[YOUR TASK]:
Only the lines from the one containing "数组名a加1时,地址下移一行;指针变量p加1时,地址指针下移一个元素。" through the last line of the material should be copied, exactly as written and without pictures.

[SUPPLIED DATA]:
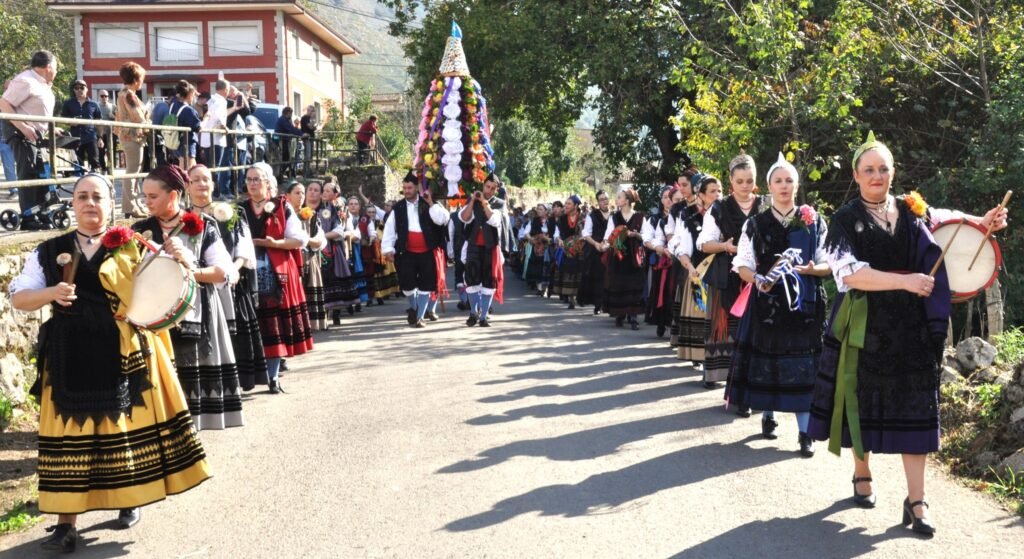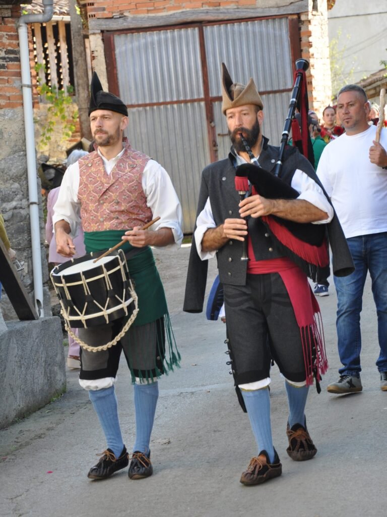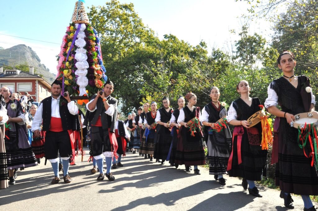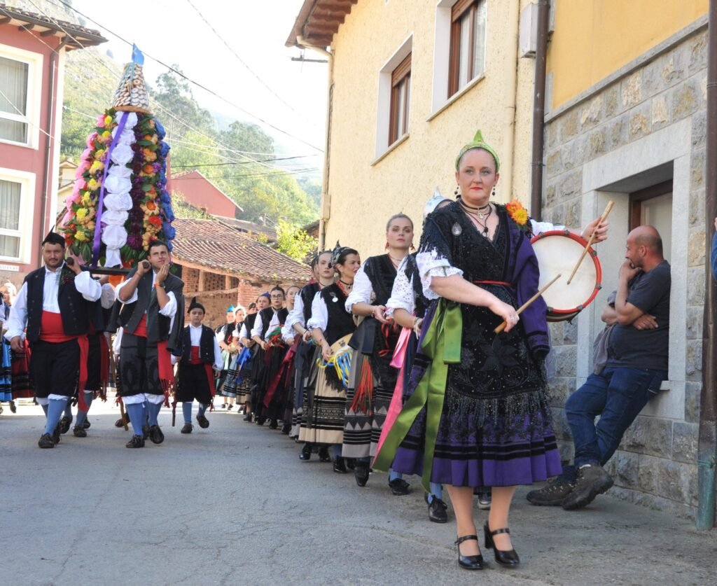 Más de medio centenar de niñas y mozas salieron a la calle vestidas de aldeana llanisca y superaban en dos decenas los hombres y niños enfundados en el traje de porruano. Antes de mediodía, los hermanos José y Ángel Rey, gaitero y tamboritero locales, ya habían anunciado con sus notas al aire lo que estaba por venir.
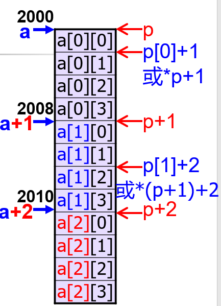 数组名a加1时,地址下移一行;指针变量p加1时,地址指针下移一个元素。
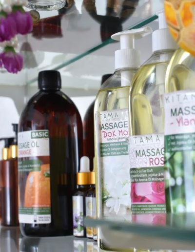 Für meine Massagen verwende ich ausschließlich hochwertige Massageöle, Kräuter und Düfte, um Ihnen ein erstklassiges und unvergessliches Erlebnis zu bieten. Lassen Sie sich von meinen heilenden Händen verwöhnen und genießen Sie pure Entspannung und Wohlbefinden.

[TASK OUTPUT]:
 数组名a加1时,地址下移一行;指针变量p加1时,地址指针下移一个元素。
 Für meine Massagen verwende ich ausschließlich hochwertige Massageöle, Kräuter und Düfte, um Ihnen ein erstklassiges und unvergessliches Erlebnis zu bieten. Lassen Sie sich von meinen heilenden Händen verwöhnen und genießen Sie pure Entspannung und Wohlbefinden.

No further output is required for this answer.